Tractography, frequently also referred to as fiber tracking, is the most commonly used technique for reconstructing and visualizing nerve tracts in the human brain. The processing pipeline to visualize this data, from image acquisition to the final rendering, is rather complex and along the way uncertainties are introduced. Stochastic techniques have been proposed to determine the error distribution of reconstructed fibers. However, these techniques incur a high computational cost, which in turn limits the clinical use of fiber uncertainty analysis.
Progressive visualization techniques have been proposed to accelerate the computations, but effective visualizations using the progressive visual analytic workflow remains an open problem: due to the abundance of fibers and the need to show fiber variability, visualizations can quickly become cluttered.
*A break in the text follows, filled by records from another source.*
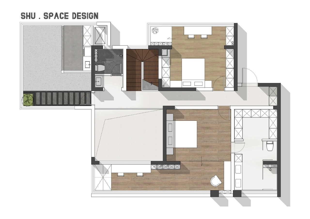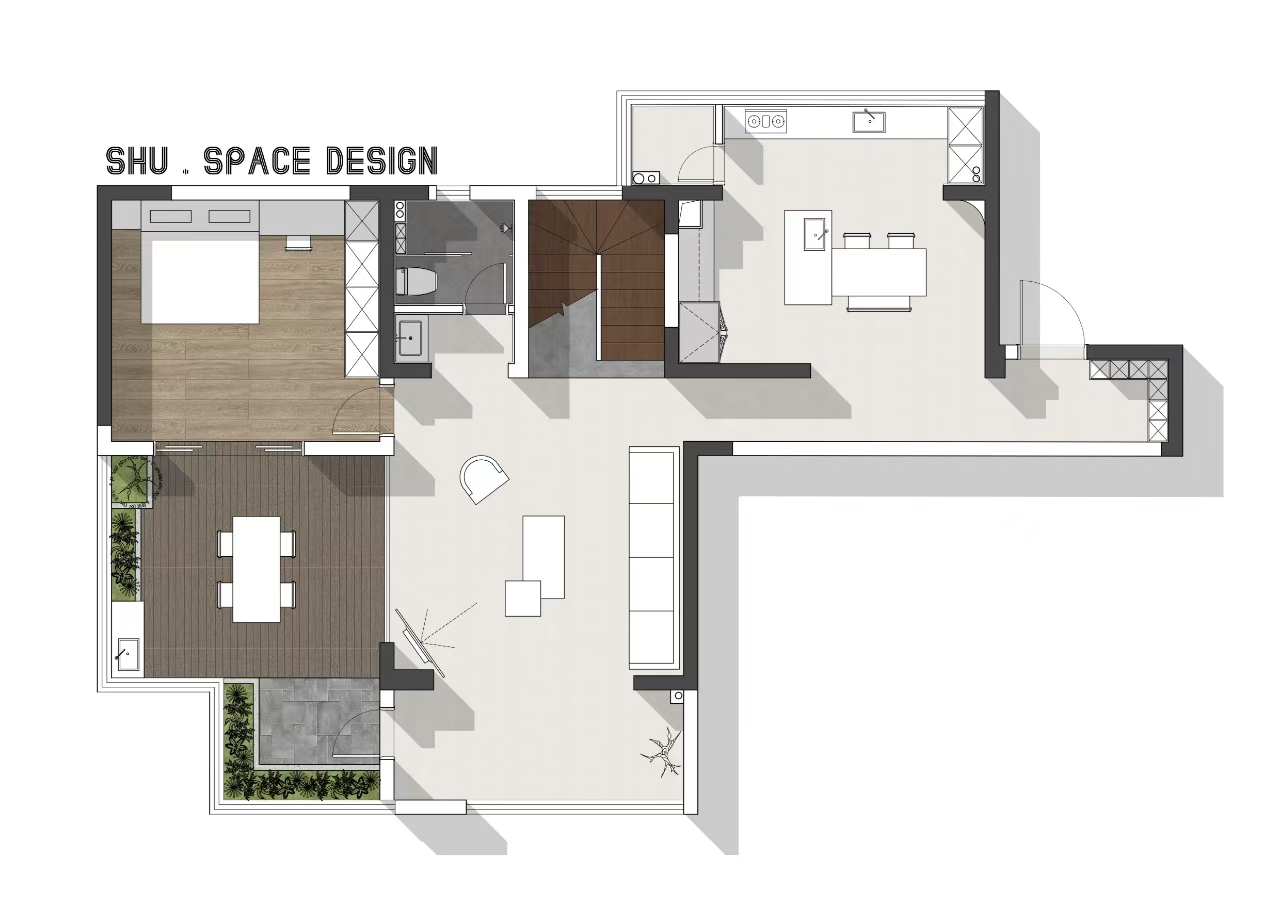 设计选材:客厅、餐厨区域选用哑光微水泥,质感细腻且色彩统一,弱化地面的视觉存在感;楼梯与卧室地面采用深色实木,温润的木纹为静谧空间增添自然肌理。局部以深色木饰面点缀,形成冷暖平衡。
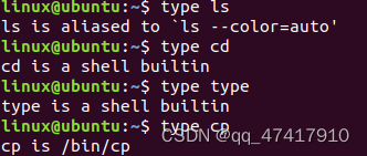 type 命令是 shell 内部命令,它会显示命令的类别,给出一个特定的命令名(做为参数)。
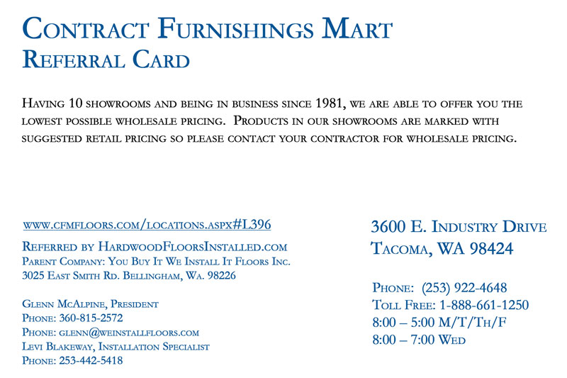 Whether you need a professional floor installation in Tacoma, or for us to provide a quality hardwood or laminate product. We have tested and tried to make sure all of our flooring is of supreme quality before offering it.
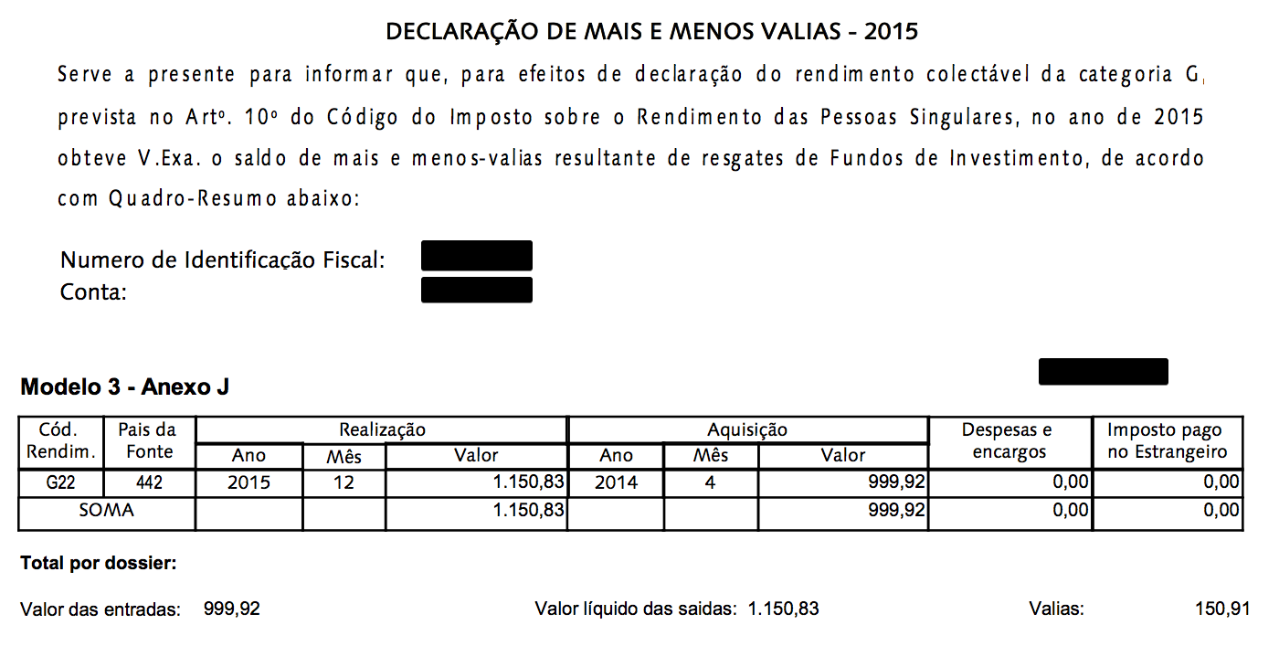 Recebi também a do banco Invest, e essa vem toda bonitinha, já com um quadro de resumo de como deve ficar no impresso do IRS e tudo.
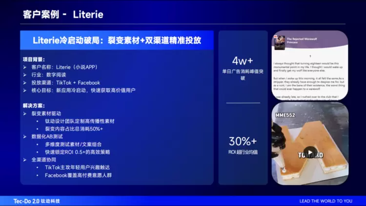 此策略驱动单日广告消耗峰值突破4万美元,整体ROI长期超越行业均值30%+。Literie案例证明,钛动科技的短剧化叙事提炼与数据引爆能力,能为拥有故事IP的客户,构建一套可复制的、高效的海外冷启动模型,为未来真正的短剧IP开发与发行铺平了前站。
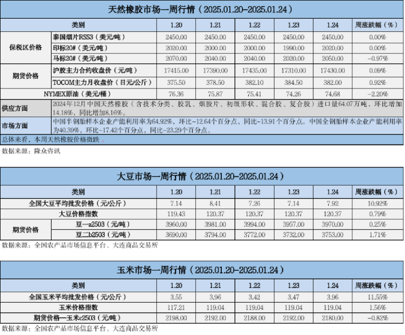 天然橡膠、大豆、玉米市場一周行情(2025.01.20-01.24)

Several visualization techniques have been developed that can effectively show fiber uncertainty using fiber hull wrapping, but these techniques have often not been designed with a progressive workflow in mind. Some visualizations make assumptions on the fiber trajectories, whereas other visualizations require complete regeneration of the hulls for every new fiber that has been tracked. As several existing visualization techniques take up anywhere from a second to a couple of minutes to generate a fiber hull wrapping, this is unworkable in a progressive and interactive setting.
To address the absence of progressive fiber uncertainty visualizations, we propose a new progressive visualization based on existing fiber uncertainty visualizations. Visitation maps and isosurface ray- casting are used to generate hulls around the dynamic fiber ensemble at interactive rates. Furthermore, we introduce the concept of a distance-score hull to complement the visitation map hulls. To avoid visual clutter, a combination of traditional and illustrative techniques are used.